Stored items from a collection

━━━━━━━━━━━━━━━━

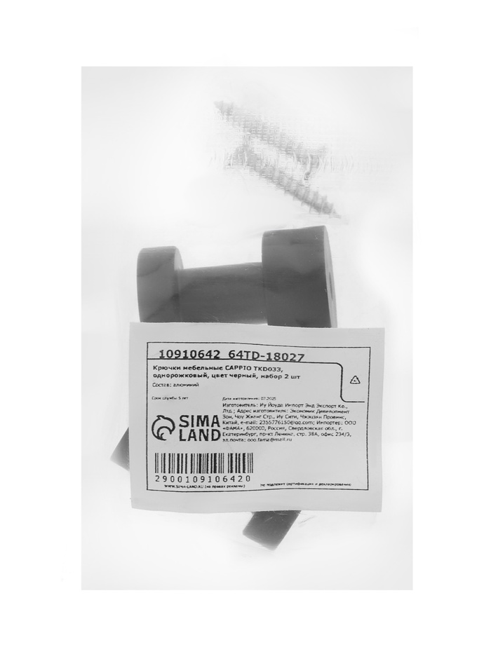Крючки мебельные CAPPIO TKD033, однорожковый, цвет черный, набор 2 шт
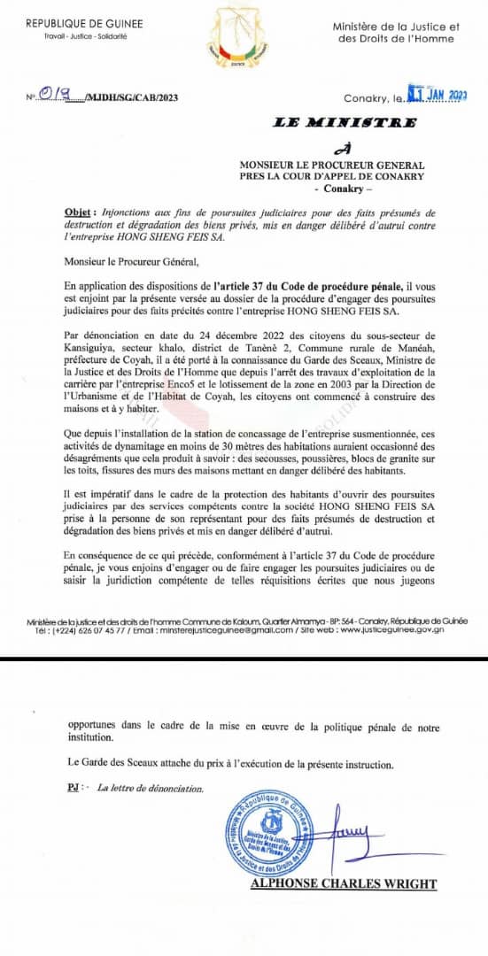 Le ministre de la justice et des droits de l’Homme, Alphonse Charles Wright a instruit l’engagement de poursuites judiciaires contre l’entreprise Hong Sheng FEIS S.A, pour des faits présumés de destruction et dégradation de bien privés, mis en danger délibéré d’autrui.
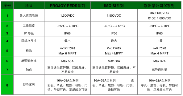 由于1500V系統電壓設計將成為主流趨勢,未來在系統選型中需要關注直流開關電壓設計。而目前市面上一般品牌的直流開關都可以斷開1000V的系統直流電壓,但是很少有可以斷開1500V的直流輸入。從各大直流開關了解到的最新數據顯示,國外能提供1500V最大直流電壓的開關制造商只有IMO等少數品牌,國內目前僅PROJOY(蘇州普兆)一家。
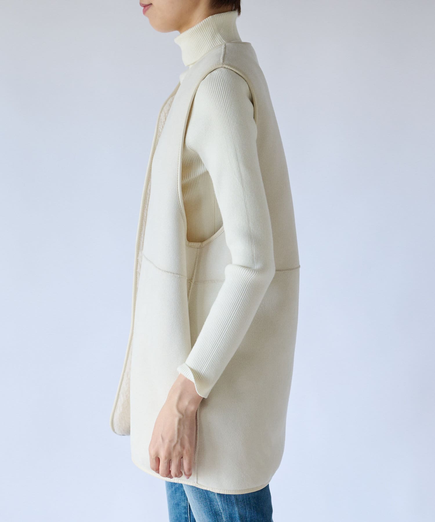 アームホールも大きめなのでワンピースやニットなどとスタイリングにぴったり。
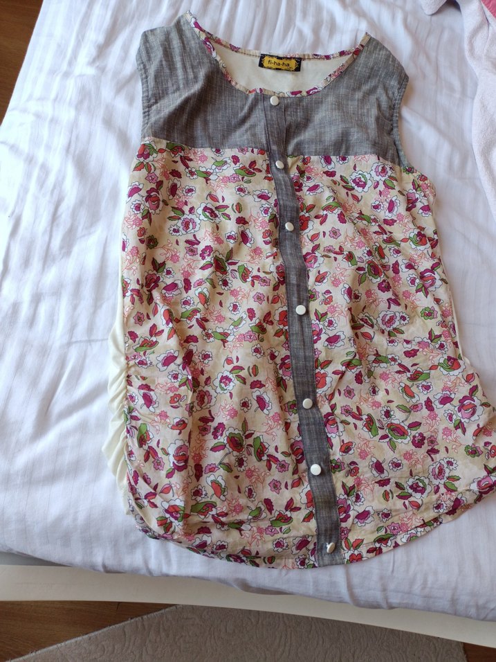 Düğmeli, kolsuz bluzu, rahat kesimli ve yumuşak ketenden üretilmiştir. Gri üst kısmı ve çiçek desenli alt kısmı ile günlük kullanıma uygun bohem vintage tarzını yansıtır.

━━━━━━━━━━━━━━━━

» WORK REQUEST
The required output is a verbatim repetition of the lines from the opening of the entries above through the line containing "Le ministre de", inclusive, with no pictures and nothing else.

» FINISHED EXERCISE
Крючки мебельные CAPPIO TKD033, однорожковый, цвет черный, набор 2 шт
 Le ministre de la justice et des droits de l’Homme, Alphonse Charles Wright a instruit l’engagement de poursuites judiciaires contre l’entreprise Hong Sheng FEIS S.A, pour des faits présumés de destruction et dégradation de bien privés, mis en danger délibéré d’autrui.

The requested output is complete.